Comparison of quasi-static and electrohydraulic free forming limits for DP600 and AA5182 sheets

doi:10.1016/j.jmatprotec.2016.04.028

Journal of Materials Processing Technology

Volume 235, September 2016, Pages 206-219

https://doi.org/10.1016/j.jmatprotec.2016.04.028 Get rights and content

Abstract

Electrohydraulic forming is a pulsed metal forming process that uses the discharge of electrical energy across a pair of electrodes submerged in fluid to form sheet metal at high velocities. Pulsed metal forming processes, including electrohydraulic forming, have been shown to increase the formability of sheet metals. Although significant formability enhancement has been reported for electrohydraulic die forming, there have been conflicting reports about the formability in electrohydraulic free forming (EHFF). Numerical modeling was used to design sheet metal specimen geometries to generate data for specific regions of the EHFF forming limit curve. The electrohydraulic free forming specimens were formed with the precise amount of input energy to cause a neck at the center of the gauge section. The quasi-static and EHFF forming limit curves for both AA5182-O and DP600 sheets were determined in accordance with the conventional North American formability evaluation method to allow for direct comparison. It was found that the forming limits in EHFF increased by approximately 5% major strain for DP600 and 8% major strain for AA5182, relative to their respective as-received FLC.

Introduction

Reducing vehicle weight, through the use of high strength steels and/or lower density materials such as aluminum (Cheah and Heywood, 2011), is one method that automotive manufacturers can employ to meet contemporary fuel economy targets. One of the barriers that limits the implementation of both high strength and low density materials is their relatively low formability compared to broadly-used mild steels. For this reason, considerable research is being carried out to develop pulsed forming processes, such as electromagnetic forming (EMF) and electrohydraulic forming (EHF). These processes, whose duration is on the order of hundreds of microseconds, are based on the high voltage discharge of capacitors through a conductive coil or a water filled chamber as described by Bruno (1968).

Recent interest in pulsed forming processes was stimulated by the results of Balanethiram and Daehn, 1992, Balanethiram and Daehn, 1994 that indicated that formability could be enhanced by a factor of 5.5 for AA6061-T4, a factor of 3.5 for interstitial free (IF) iron and a factor of three for copper. More recently, Samei et al. (2013) observed that high-velocity impact of the sheet against the die in EHF leads to suppression of void nucleation and growth in dual phase steels and significantly delays the onset of failure. However, analysis of stresses in the die for pulsed pressure forming, performed by Ibrahim et al. (2013) indicated that the high-velocity of the blank required to achieve significant formability improvement causes significant plastic deformation that leads to fracture and accordingly shortens the lifespan of the forming dies.

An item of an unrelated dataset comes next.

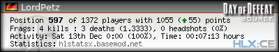 | Rank | Map | Kills | % | Ratio | Deaths | % | Ratio | K:D | Headshots | % | Ratio | HS:K |
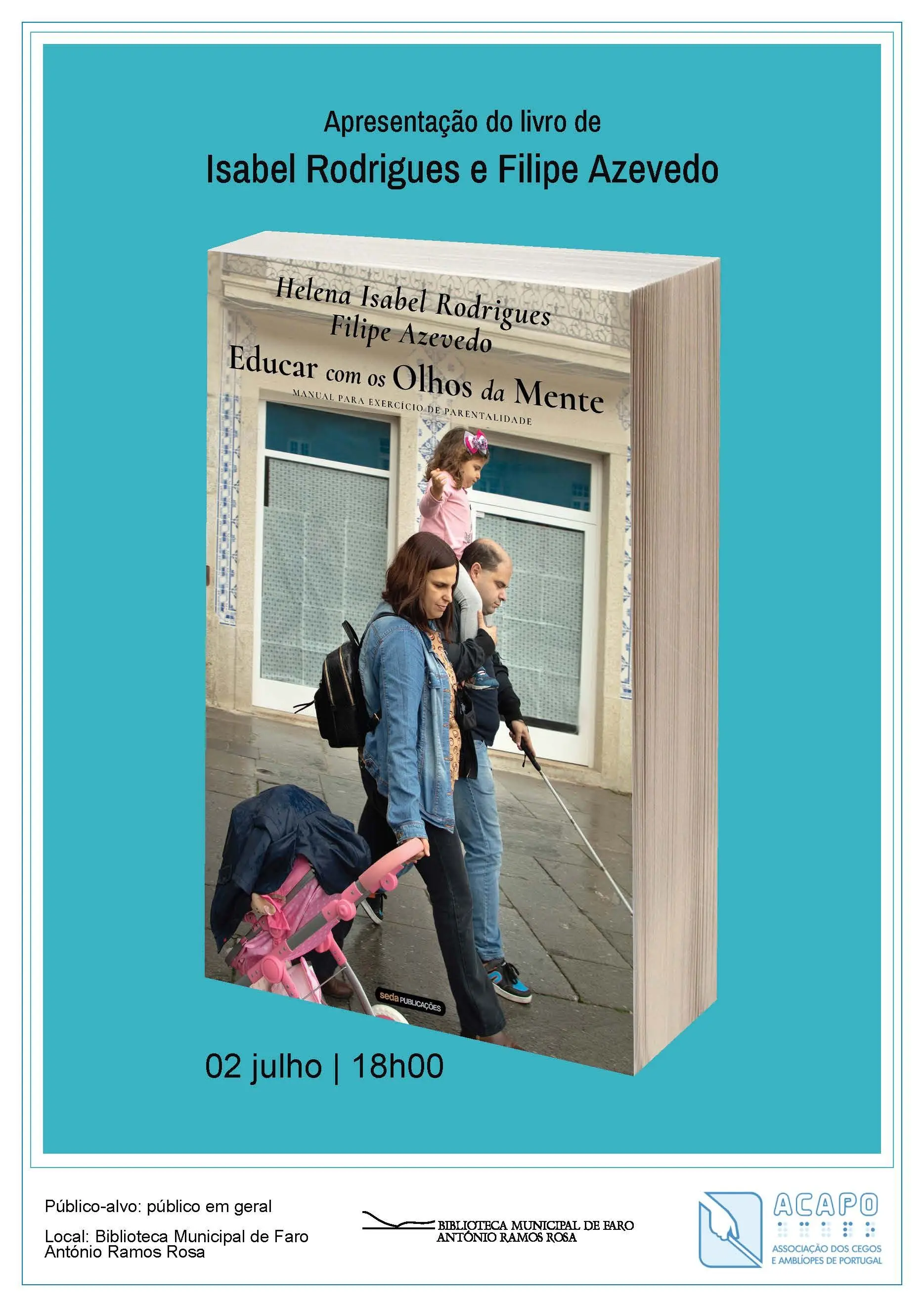 A Delegação do Algarve da ACAPO, em parceria com a Biblioteca Municipal António Ramos Rosa em Faro, promove no dia 2 de julho pelas 18:00, a apresentação do livro “Educar com os Olhos da Mente”, da autoria de Helena Isabel Rodrigues e Filipe Azevedo.

In the EHF process (Fig. 1), a blank can be progressively formed into its final shape in one tool by multiple discharges of the electrode system in order to extend the life of the die, as described by Mamutov et al. (2015). Similarly, newer electrode systems, as described by Golovashchenko (2014), are capable of lowering the load on the electrode system if the discharges are conducted in multiple steps. However, in such a multi-pulse configuration, the blank is initially formed in free forming conditions without taking advantage of very high strain rates that are generated when the sheet contacts the die at high velocity. In order to produce a safe part with the EHF process, it is necessary to take into consideration the difference in formability of a sheet material when it is deformed in free-forming conditions (EHFF), where the strain rates are rather moderate, and in die-forming conditions (EHDF) where strain rates are much higher and through-thickness compressive and shear stresses have a significant effect.

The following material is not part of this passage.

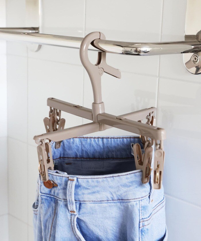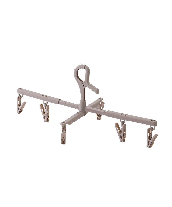 十字型になっているボトムハンガーです。ボトムスの胴周りを広げて、洗濯バサミ部分に挟むことで、空気が通り乾きやすくなります。伸縮部分を伸ばすことができるので、ボトムスの裾も挟めばさらに乾きやすさアップ!

The formability of sheet materials when there is significant impact between the workpiece and forming tool has been extensively studied, as outlined by Psyk et al. (2011). However, there are conflicting reports about the formability improvement that can be expected in high‐velocity forming when the sheet-die interaction is insufficient or non-existent. Golovashchenko et al. (2013) reported no formability increase in radially split biaxial DP590 blanks that failed to completely fill the die in EHF. EMF experiments on aluminum alloys by Imbert et al. (2005), Oliveira et al. (2005), and Golovashchenko (2007) showed no formability improvement in free forming. In contrast, Dariani et al. (2009) showed moderate formability improvement in both AISI1045 steel and AA6061 aluminum using explosive free forming tests. Further complicating the evaluation of formability is the fact that the majority of the previous high-velocity formability investigations have reported only positive minor strains; this is because this strain state can be easily generated without modifying the blank geometry. To overcome this limitation, Dariani et al. (2009) and Rohatgi et al. (2014) designed specimen geometries to generate strain states with negative and near-zero minor strains in the gauge sections. However, in both attempts, the specimens were susceptible to cracking in the corners of the cut-outs prior to necking in the gauge section, which could result in potential errors.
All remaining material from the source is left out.